Investor fears over Brexit cause slump in London market
Brexit fears dragged the London market to a four-month low at one stage, as investor jitters over the referendum vote showed no sign of abating.
London's top flight index touched 5,899.97 early in the session, as concerns over the outcome of the European referendum and the plunging oil price weighed on stocks.
But the FTSE 100 Index staged a late rally, finishing 16.3 points down at 5,950.5, thanks to a surge from precious metal stocks.
Gold miner Rangold Resources soared more than 4% higher, while silver miner Fresnillo stepped up just shy of 1%.
Royal Dutch Shell and BP were up 13p to 1735p and 5.4p to 364.9p respectively, as the oil giants shrugged off a sharp drop in Brent crude, which slipped for the sixth straight session.
The oil price was also being hit by Brexit uncertainty, causing it to sink 3.4% to 47.3 US dollars a barrel.
The London market was feeling nervous about comments coming from across the Atlantic after the Federal Reserve pushed a US interest rate rise into the distant future amid concerns over a recent slump in the American jobs market and uncertainty over Britain's vote on Europe.
Sterling, which hit two-month lows against the US dollar and euro on Monday, was also on the back foot, with little sign of the referendum's Remain vote gaining strength.
The pound was down 0.5% against the US dollar at 1.411 as t he Bank of England announced that its Monetary Policy Committee had kept interest rates on hold at 0.5% and warned it is ''increasingly probable'' that Brexit would send the pound plunging.
It added that referendum uncertainty is already hitting the housing market as Britons put spending decisions on hold.
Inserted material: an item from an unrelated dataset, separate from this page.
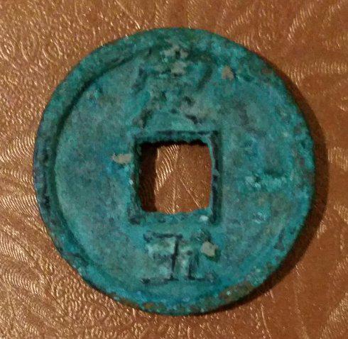此钱青铜材质,铸制精整厚重,休轮休穿,地章坦平;罐藏出品,锈老且翠,绣痂叠嶂,坚硬如石;钱文楷书,笔力遒劲,书法隽秀。背上“定”字纪钱监,指嘉州丰远监。穿下“五”纪值,从此钱形制看,“五”应为当五 观此钱厚重端美的品相足以证实,此钱为当时嘉州丰远监 试铸的铁母样钱无疑。

Policymakers sounded the alarm once more over the impact on the economy of a vote to leave the EU as they said uncertainty caused by the referendum was seeing delays in ''major economic decisions'' among households and in the corporate sector.
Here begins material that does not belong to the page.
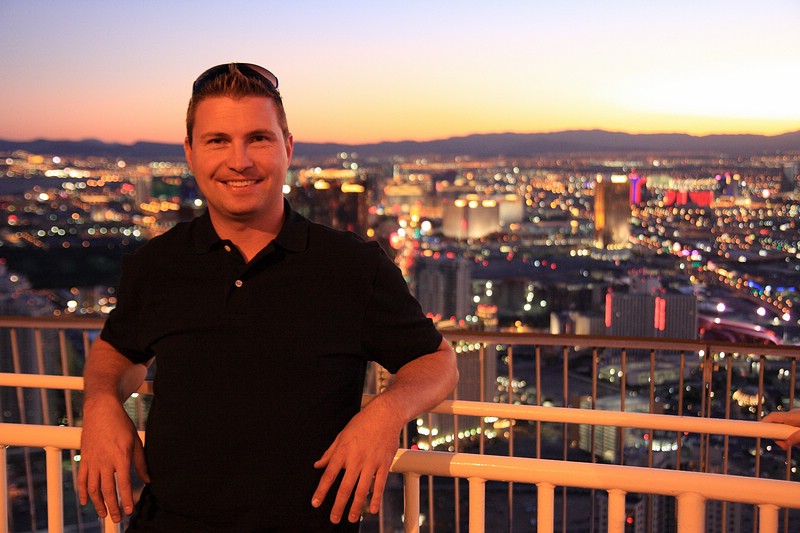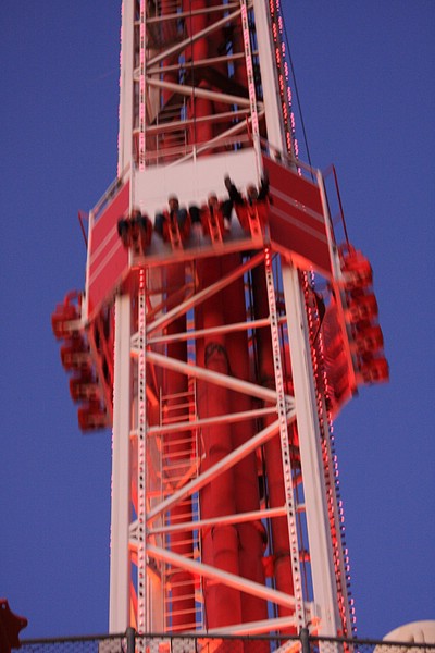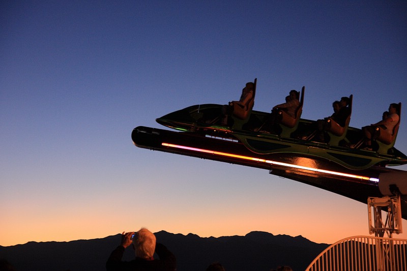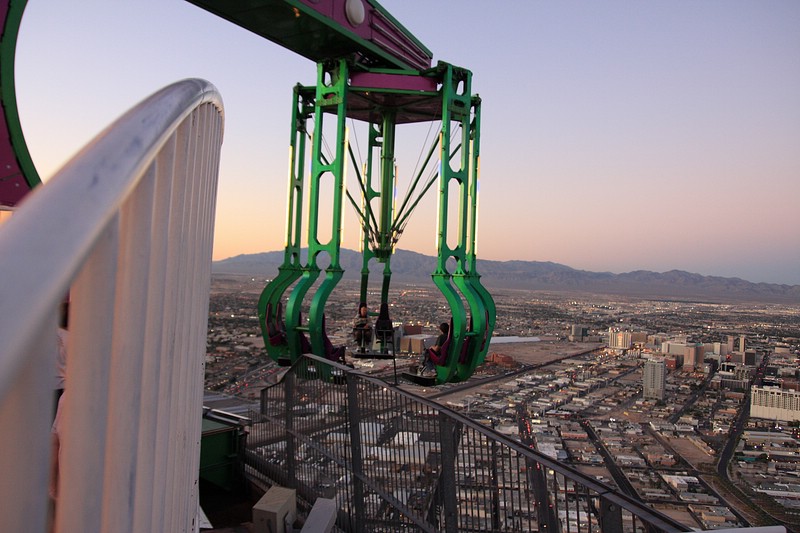 Nach der Mittagspause sind wir mit dem Auto zum Stratosphere Tower gefahren. Oben angekommen konnten wir den Sonnenuntergang über Las Vegas inkl. Vollmondblick genießen. Tommy und ich haben uns für zwei Fahrgeschäfte dort oben entschieden. Das eine war wie am Volksfest eher unspäktakulär, auch wenn es fast den Magen umgedreht hätte. Es war der Big Shot, der in mitten auf Spitze des über 300m hohen Towers uns nach oben und dann noch schneller gen Erdboden katapultiert hat. Noch besser war dann aber das Insanity. MIt dem Teil wurde man frei schwebend vom Tower über den Erdboden befördert. Dieser Ride drehte sich dann auch noch immer schneller, was einem dann endgültig den Magen umdrehte – einfach gigantisch und unbeschreiblich.

The pound was up 0.3% against the euro at 1.263.
In stocks, discount retailer Poundland was on the up despite posting a slump in annual profits after a "challenging but transformative" year.
It comes after South African retail group Steinhoff - which owns UK furniture firms Harveys and Bensons For Beds - revealed late on Wednesday that it had bought 61.2 million ordinary shares in the budget retailer and confirmed any potential offer would be made in cash.
Annual results laid bare the group's sales woes as underlying pre-tax profits fell 13.5% to £37.8 million in the year to March 27.
Shares rose 2.5%, or 5p, to 205p.
Banking and mining stocks also felt the impact of the market slump, with Anglo American down 18.6p to 612.4p and Standard Chartered dropping 6.3p to 498.8p.
The biggest risers on the FTSE 100 were Rangold Resources up 315p to 6925p, Fresnillo up 21p to 1233p, BP up 5.4p to 364.9p, Glencore up 1.9p to 138.5p.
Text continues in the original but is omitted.